(Items from a dataset)
▼

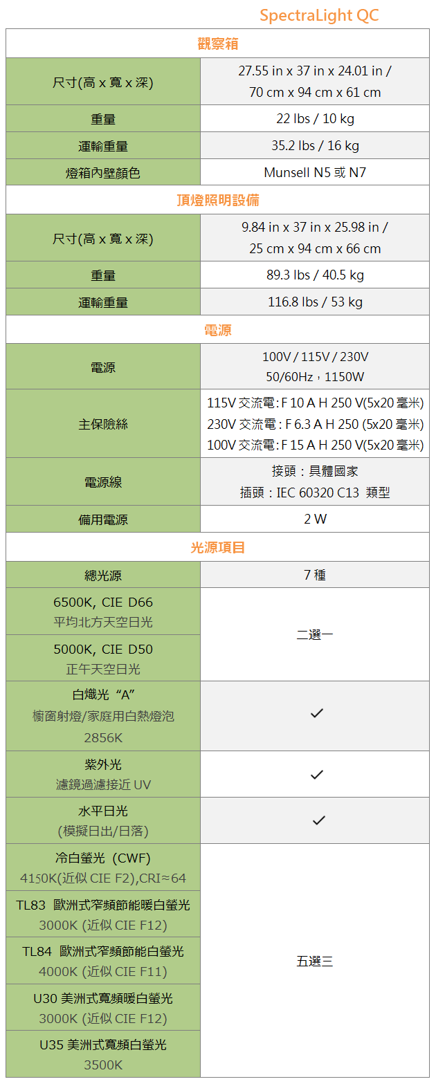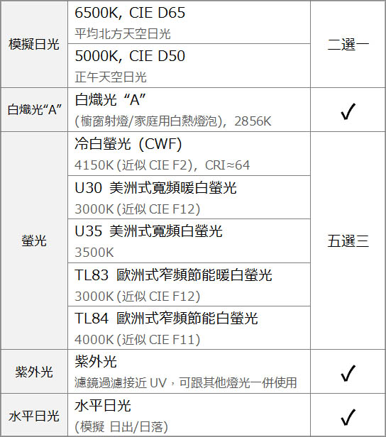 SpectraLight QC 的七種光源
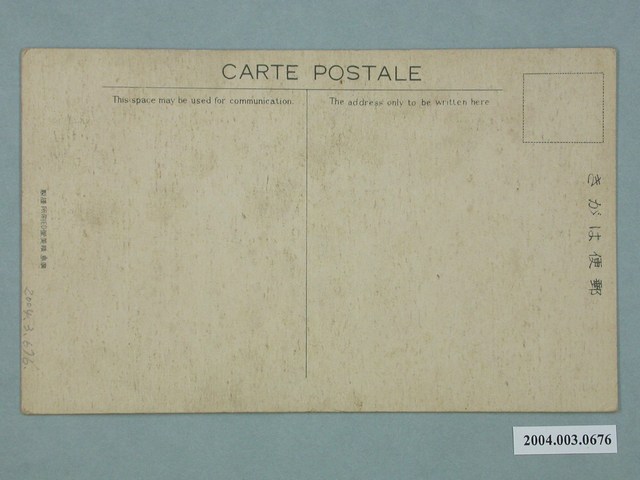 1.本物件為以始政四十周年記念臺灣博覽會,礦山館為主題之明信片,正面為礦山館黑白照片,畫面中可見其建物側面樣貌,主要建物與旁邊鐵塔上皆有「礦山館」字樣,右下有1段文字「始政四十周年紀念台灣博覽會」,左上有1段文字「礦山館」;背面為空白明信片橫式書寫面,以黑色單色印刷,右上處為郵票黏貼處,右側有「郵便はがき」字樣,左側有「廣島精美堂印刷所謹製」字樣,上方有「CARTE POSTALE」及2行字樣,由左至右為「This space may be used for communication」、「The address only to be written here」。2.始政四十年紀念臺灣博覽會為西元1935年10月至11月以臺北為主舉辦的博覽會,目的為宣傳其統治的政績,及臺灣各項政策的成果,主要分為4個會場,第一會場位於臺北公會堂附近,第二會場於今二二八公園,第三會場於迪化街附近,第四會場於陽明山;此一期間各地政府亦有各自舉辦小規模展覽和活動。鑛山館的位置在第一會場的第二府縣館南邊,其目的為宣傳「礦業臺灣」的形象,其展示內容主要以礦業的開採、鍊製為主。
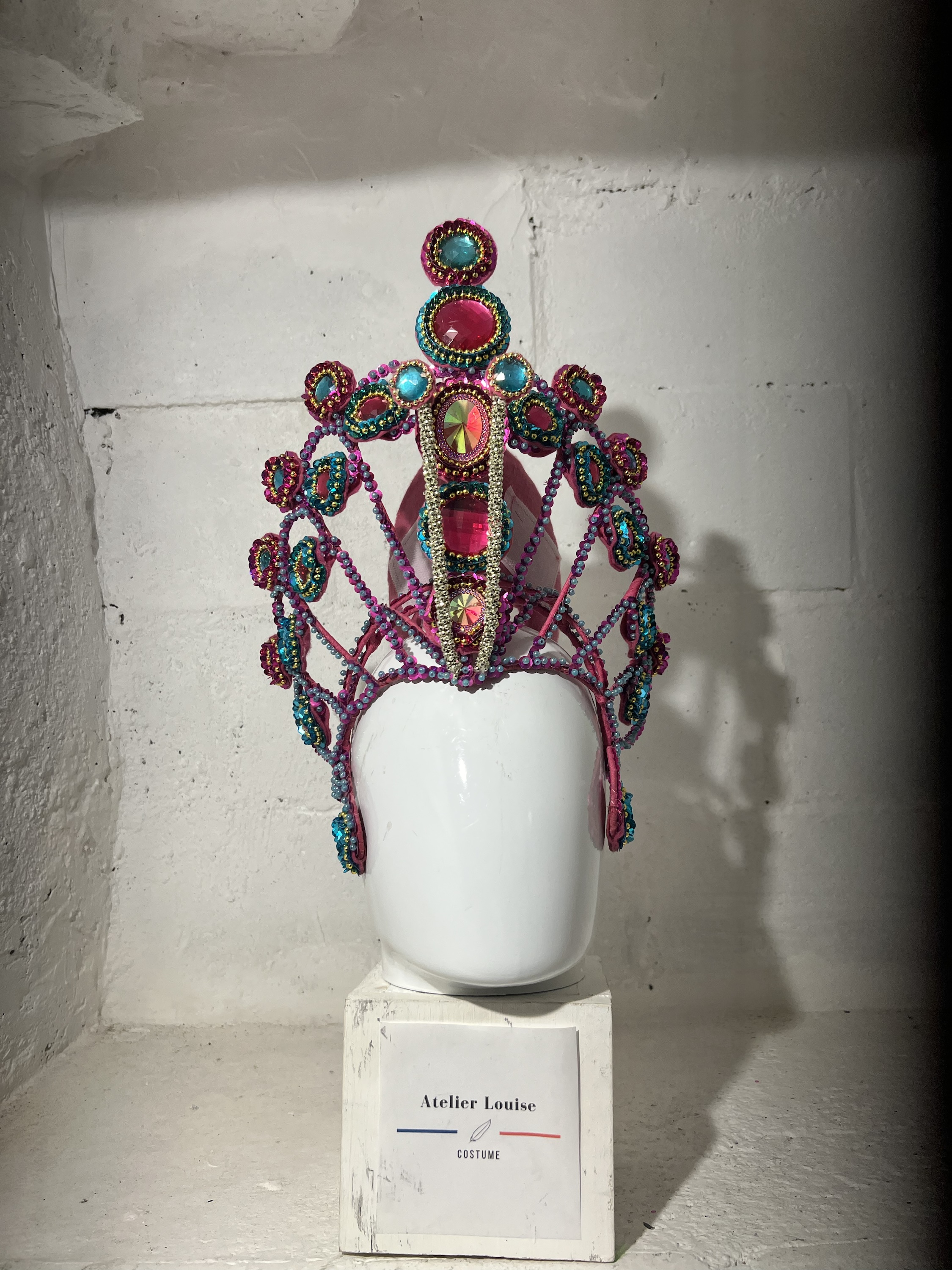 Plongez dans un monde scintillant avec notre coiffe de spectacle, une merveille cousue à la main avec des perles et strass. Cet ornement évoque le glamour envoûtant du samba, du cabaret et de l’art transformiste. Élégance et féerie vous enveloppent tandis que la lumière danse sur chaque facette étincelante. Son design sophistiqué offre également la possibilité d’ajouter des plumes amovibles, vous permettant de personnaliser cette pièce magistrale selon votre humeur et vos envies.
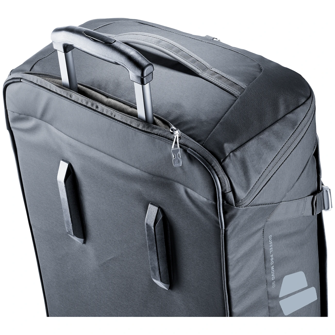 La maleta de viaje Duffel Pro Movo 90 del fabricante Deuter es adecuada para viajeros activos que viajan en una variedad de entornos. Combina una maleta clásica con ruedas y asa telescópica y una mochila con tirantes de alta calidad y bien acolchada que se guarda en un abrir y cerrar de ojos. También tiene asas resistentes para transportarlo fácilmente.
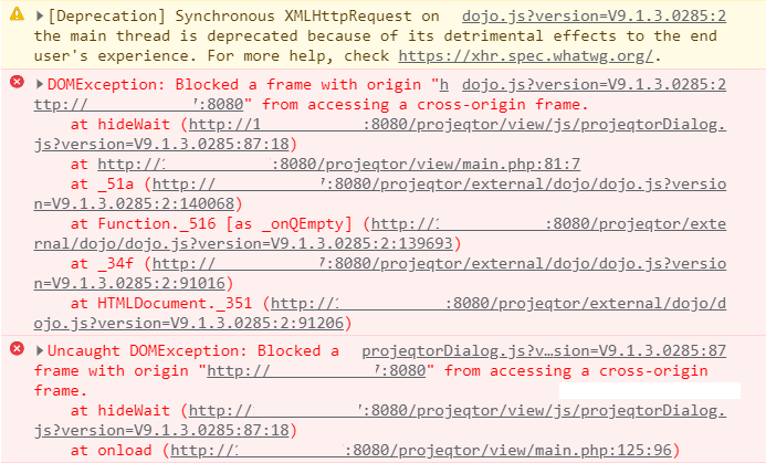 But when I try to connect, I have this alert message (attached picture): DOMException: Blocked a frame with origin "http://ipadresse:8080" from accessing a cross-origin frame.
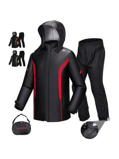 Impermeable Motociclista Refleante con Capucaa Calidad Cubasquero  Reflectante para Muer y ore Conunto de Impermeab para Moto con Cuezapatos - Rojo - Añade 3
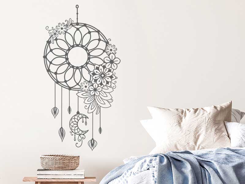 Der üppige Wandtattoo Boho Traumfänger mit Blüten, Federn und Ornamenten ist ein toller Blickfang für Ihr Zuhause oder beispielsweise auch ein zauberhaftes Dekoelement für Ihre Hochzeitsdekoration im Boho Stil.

▲

Each record must appear again exactly as written above, without its pictures.

 SpectraLight QC 的七種光源
 1.本物件為以始政四十周年記念臺灣博覽會,礦山館為主題之明信片,正面為礦山館黑白照片,畫面中可見其建物側面樣貌,主要建物與旁邊鐵塔上皆有「礦山館」字樣,右下有1段文字「始政四十周年紀念台灣博覽會」,左上有1段文字「礦山館」;背面為空白明信片橫式書寫面,以黑色單色印刷,右上處為郵票黏貼處,右側有「郵便はがき」字樣,左側有「廣島精美堂印刷所謹製」字樣,上方有「CARTE POSTALE」及2行字樣,由左至右為「This space may be used for communication」、「The address only to be written here」。2.始政四十年紀念臺灣博覽會為西元1935年10月至11月以臺北為主舉辦的博覽會,目的為宣傳其統治的政績,及臺灣各項政策的成果,主要分為4個會場,第一會場位於臺北公會堂附近,第二會場於今二二八公園,第三會場於迪化街附近,第四會場於陽明山;此一期間各地政府亦有各自舉辦小規模展覽和活動。鑛山館的位置在第一會場的第二府縣館南邊,其目的為宣傳「礦業臺灣」的形象,其展示內容主要以礦業的開採、鍊製為主。
 Plongez dans un monde scintillant avec notre coiffe de spectacle, une merveille cousue à la main avec des perles et strass. Cet ornement évoque le glamour envoûtant du samba, du cabaret et de l’art transformiste. Élégance et féerie vous enveloppent tandis que la lumière danse sur chaque facette étincelante. Son design sophistiqué offre également la possibilité d’ajouter des plumes amovibles, vous permettant de personnaliser cette pièce magistrale selon votre humeur et vos envies.
 La maleta de viaje Duffel Pro Movo 90 del fabricante Deuter es adecuada para viajeros activos que viajan en una variedad de entornos. Combina una maleta clásica con ruedas y asa telescópica y una mochila con tirantes de alta calidad y bien acolchada que se guarda en un abrir y cerrar de ojos. También tiene asas resistentes para transportarlo fácilmente.
 But when I try to connect, I have this alert message (attached picture): DOMException: Blocked a frame with origin "http://ipadresse:8080" from accessing a cross-origin frame.
 Impermeable Motociclista Refleante con Capucaa Calidad Cubasquero  Reflectante para Muer y ore Conunto de Impermeab para Moto con Cuezapatos - Rojo - Añade 3
 Der üppige Wandtattoo Boho Traumfänger mit Blüten, Federn und Ornamenten ist ein toller Blickfang für Ihr Zuhause oder beispielsweise auch ein zauberhaftes Dekoelement für Ihre Hochzeitsdekoration im Boho Stil.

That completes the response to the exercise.